Hilfsstoffe: Ethanolum, Aqua purificata

Alkoholgehalt: Cystoforce enthält 50 - 58 Vol. % Alkohol.  

 

Galenische Form und Wirkstoffmenge pro Einheit

1 ml Cystoforce enthält 715 mg Tinktur aus frischen Bärentraubenblättern und -Triebspitzen und 240 mg Tinktur aus frischem, blühendem Kraut von Rotem Sonnenhut.

 

Indikationen/Anwendungsmöglichkeiten

Cystoforce wird traditionsgemäss von Frauen verwendet zur Behandlung der Symptome bei wiederkehrenden Infekten der ableitenden Harnwege (Blasenentzündung), wie Schmerzen und Reizungen, brennendes Gefühl beim Wasserlassen und/ oder häufiges Wasserlassen.

 

Dosierung/Anwendung

Weibliche Erwachsene:

2 – 5 mal täglich 15 Tropfen in ca. 1-2 dl Wasser einnehmen.

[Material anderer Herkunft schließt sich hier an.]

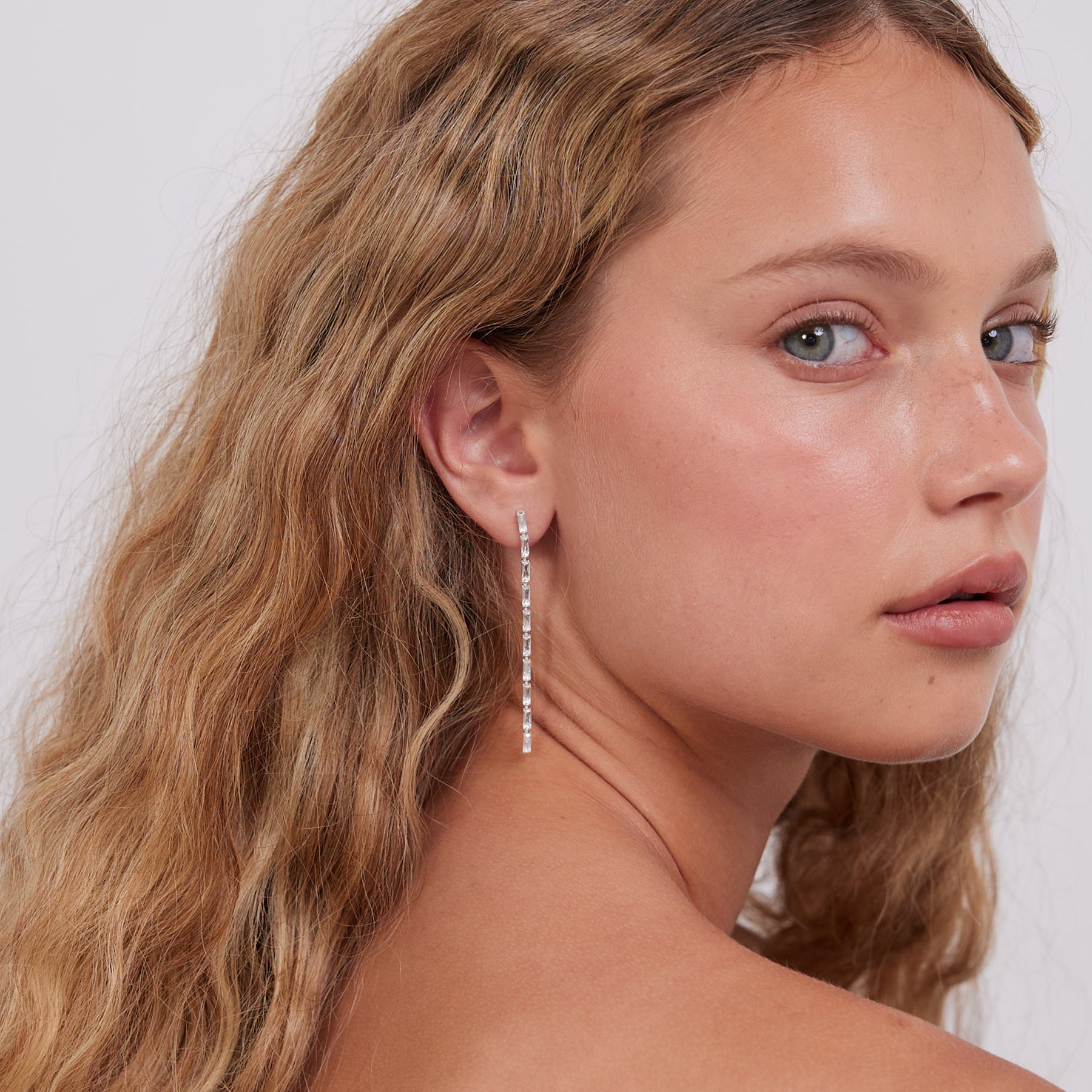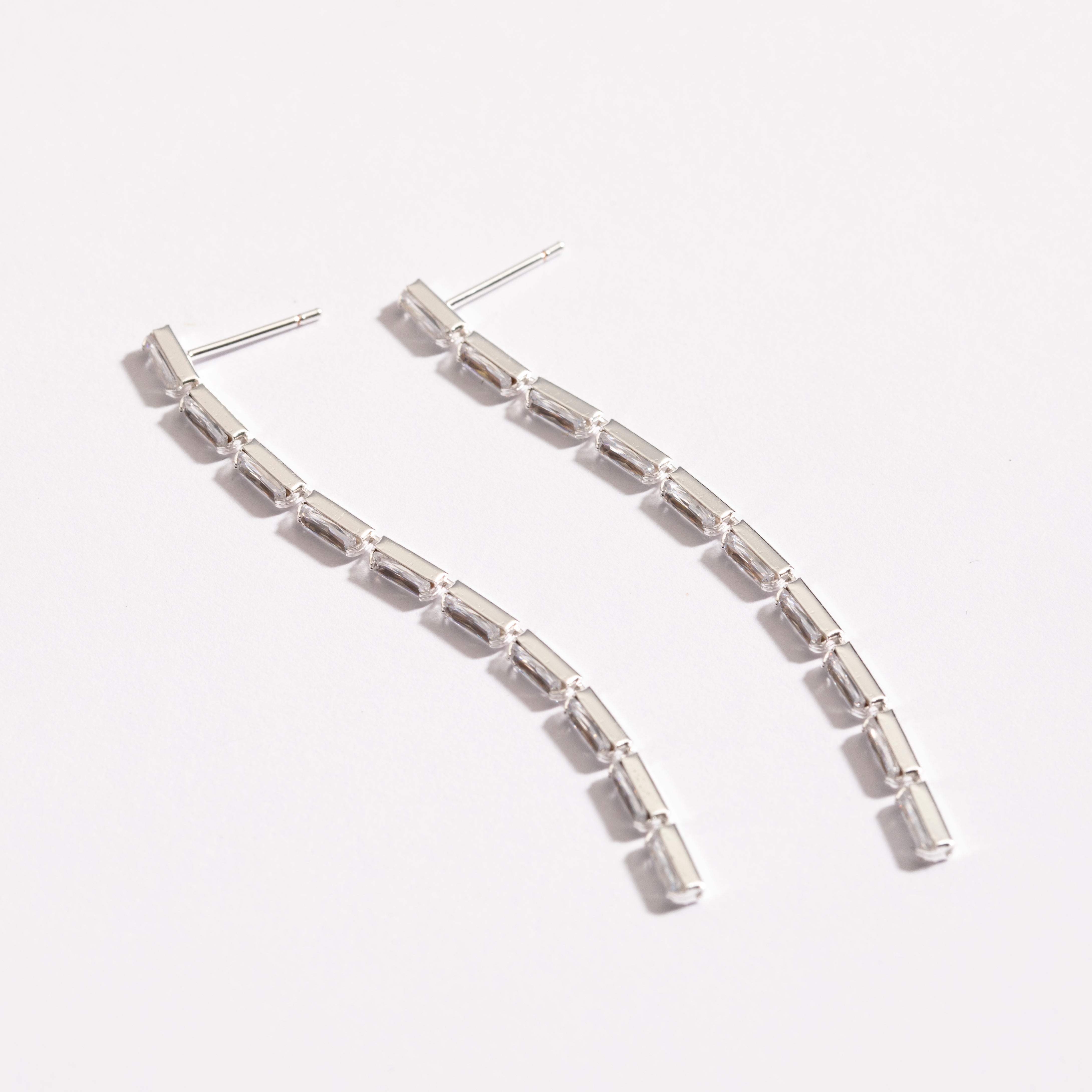עגילים ארוכים ומעודנים, משובצים אבני זירקון יוקרתיות בצורת בגט ללוק מרשים במיוחד. העגילים מעוצבים בעבודת יד ישראלית ומצופים זהב 14K.

Schwangere, Kinder und Jugendliche unter 18 Jahren sowie männliche Erwachsene sollen das Präparat nicht anwenden (siehe auch unter Kontraindikation und Schwangerschaft/Stillzeit).

Das Präparat sollte nicht länger als 7 Tage ohne Unterbrechung eingenommen werden (siehe auch unter Warnhinweise/Vorsichtsmassnahmen).

 

Kontraindikationen

Überempfindlichkeit gegenüber den Wirkstoffen oder allgemein auf Korbblütler (Compositen, wie z.B. Arnika, Schafgarbe etc.) oder einem der Hilfsstoffe gemäss Zusammensetzung.

Bei Nierenerkrankungen darf Cystoforce nicht eingenommen werden.

Harnwegsbeschwerden in der Schwangerschaft, bei Kindern und Jugendlichen unter 18 Jahren sowie bei männlichen Erwachsenen gelten grundsätzlich als kompliziert. Das Präparat darf deswegen in diesen Situationen nicht angewendet werden. (siehe auch unter Anwendung/Dosierung und Schwangerschaft/Stillzeit.).“

Aus grundsätzlichen Erwägungen sollten Cystoforce Tropfen wegen des Inhaltsstoffes Echinacea bei progressiven System- bzw. Autoimmun-Erkrankungen wie Leukosen, Kollagenosen oder Multipler Sklerose, bei Infektionskrankheiten wie Tuberkulose, AIDS bzw. HIV-Infektion sowie bei anderen Erkrankungen des Immunsystems nicht angewendet werden.

 

Warnhinweise und Vorsichtsmassnahmen

Präparate, die Echinacea enthalten, sollten nicht länger als 2 Monate ohne Unterbrechung eingenommen werden.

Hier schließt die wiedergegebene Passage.